Long Noncoding RNA PPT2-EGFL8 Regulates Pathological Retinal Neovascularization in PDR by Functioning as a Competing Endogenous RNA

Diabetic retinopathy (DR) is a common complication in patients with diabetes, and proliferative DR (PDR) has become an important cause of blindness; however, the mechanisms involved have not been fully elucidated. miRNAs and long noncoding RNAs can play an important role in DR, and they can accurately regulate the expression of target genes through a new regulatory model: competing endogenous RNAs. We isolated total RNA of extracellular vesicles (EVs) in the serum of healthy individuals and individuals with diabetes without DR, non-PDR, or PDR, and performed deep sequencing. We found aberrantly low expression of PPT2-EGFL8 and significantly increased level of miR-423-5p. PPT2-EGFL8 adsorbs miR-423-5p as a molecular sponge and inhibits hypoxia-induced human retinal microvascular endothelial cells proliferation. In an oxygen-induced retinopathy (OIR) model and a streptozotocin-induced diabetes model, Egfl8-overexpression treatment reduces diabetes-related reactive gliosis, inflammation, and acellular capillaries and attenuates the development of pathological neovascularization. In addition, PPT2-EGFL8 targeting miR-423-5p plays an important role in hypoxia-induced peroxisome proliferator-activated receptor-beta/delta (PPARD)/angiopoietin-like 4 (ANGPTL4) signaling activation, especially the expression of the C-terminal ANGPTL4 fragment. Finally, ANGPTL4 significantly induces retinal vessel breakage in the inner limiting membrane and facilitates retinal vessel sprouting into the vitreous in the OIR mice. Thus, either new biomarkers or new therapeutic targets may be identified with translation of these findings.

Automated summary

Diabetic retinopathy (DR) is a common complication in patients with diabetes and the mechanisms involved in proliferative DR (PDR) causing blindness are not fully understood. miRNAs and long noncoding RNAs can accurately regulate target gene expression through competing endogenous RNAs.

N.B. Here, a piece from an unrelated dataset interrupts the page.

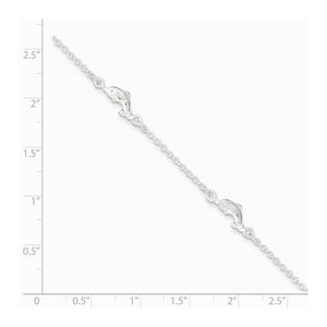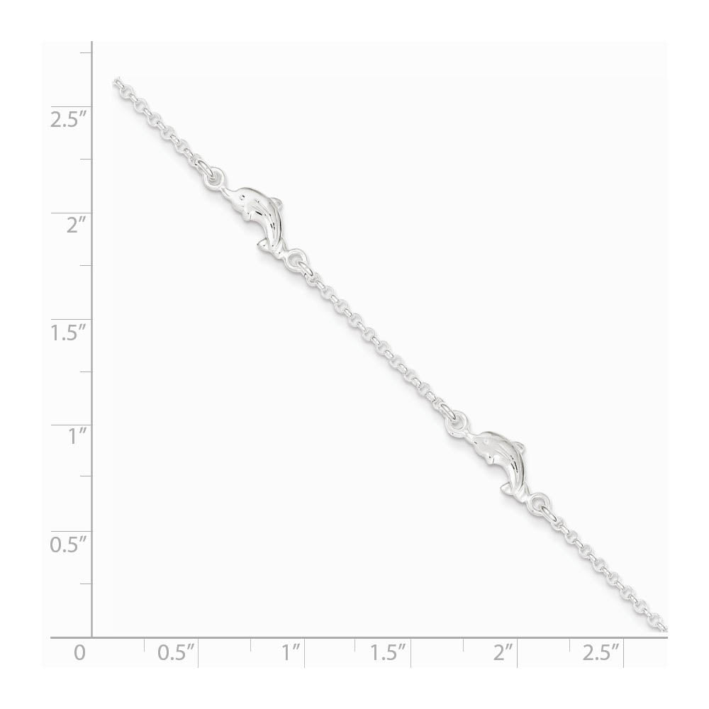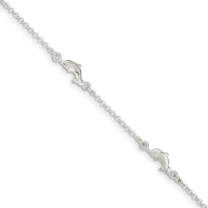 Reflect a fun loving spirit with our dolphin station link ankle bracelet created from sterling silver with a bright, polished finish. This 1.5mm, 9-inch rolo chain anklet is finished a 1-inch extender and fancy lobster clasp.

Through deep sequencing of extracellular vesicles (EVs) in the serum, aberrantly low expression of PPT2-EGFL8 and significantly increased level of miR-423-5p were found in individuals with PDR. PPT2-EGFL8 acts as a molecular sponge for miR-423-5p and inhibits hypoxia-induced proliferation of retinal endothelial cells. Egfl8-overexpression treatment reduces diabetes-related complications and pathological neovascularization in mouse models. The findings suggest the identification of potential biomarkers and therapeutic targets.